The use of technology in most professional workplaces - from the auto repair garage to the stock broker, from the receptionist to the television news anchor, and everything in between - is well documented and a given. Although our responsibility towards the traditional curricular content has not changed, the presence and importance of technology has added another agenda we can't ignore. Most assuredly, the testing moguls will catch up with this, and it will appear as a part of large assessment mechanisms. But if we care about preparing students, and enhancing their experiences, we shouldn't wait until we're forced!

But as many who have followed my musings (both of them - my mother and my wife!) know, there are things technology can do that feed and encourage all the other things we must and/or should teach. In this month's TIPS is one such resource - video conferencing technology. This capability isn't new - we featured a video conference connection between Bryan Station High and Breckenridge Elementary in our April 2002 edition of TIPS. However, the technology has improved, making such connections easier and more flexible - take a look at this month's Connections for details.

Connecting people is one of the things technology does best.
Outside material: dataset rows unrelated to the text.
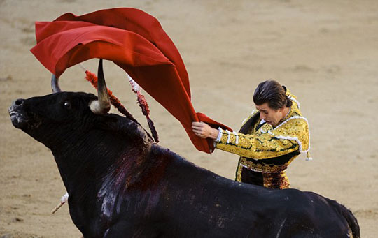 据英国媒体29日报道,近日在一场斗牛比赛上,一位名叫Israel Lancho的西班牙斗牛勇士,在激斗公牛时,被公牛的尖角扎出一道长达8英寸(约20公分)的口子。不可思议的的是他居然活了下来,被送往马德里医院的加护病房。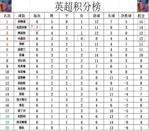 積分榜方麵,利物浦上輪5連勝被終止,不過他們仍然是位列榜首,領先阿森納2分。伯恩茅斯今天逆轉絕殺富勒姆後,近6輪4勝2平保持不敗,先賽的情況下超過阿森納1分升至第2。輸球的富勒姆還是多曼聯1分,排在第11。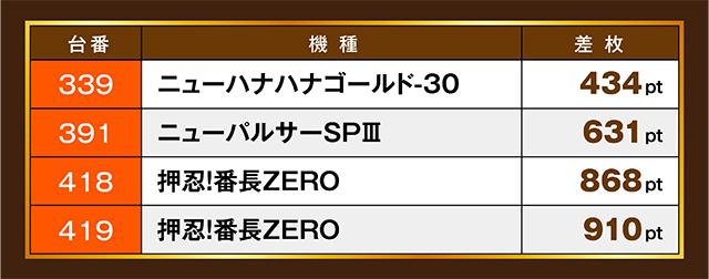 番長ZEROが6台設置で、11月のレポートでも4台ピックアップされていた。今回も2台とはいえ、毎回番長ZEROが挙がっていることを加味すると候補の一つとして片隅に置いてもいいのかもしれない。※リセ後はゼロモードスタートのため朝イチだけ打たれている可能性もあることに注意が必要。

From the PA system to the website, from the telephone to the international LISTSERV, technology does a fabulous job of connecting students to information, media, each other, and educational resources and instructional helps.. Just as importantly, such technology can instantly connect teachers and schools to each other, to instructional resources (including lesson plans and ideas)...even to the very standards over which their students will be assessed!

What should we teach? Not only must technology be a part of the answer to that question, it will provide a medium and a forum through which we can answer it. Why should we teach technology? Because it will, without a doubt, help our students achieve their goals. Whether it will match our other lofty aim - improving our world - is, like any such pursuit, up to us...but the potential, just like that in our students themselves, is there.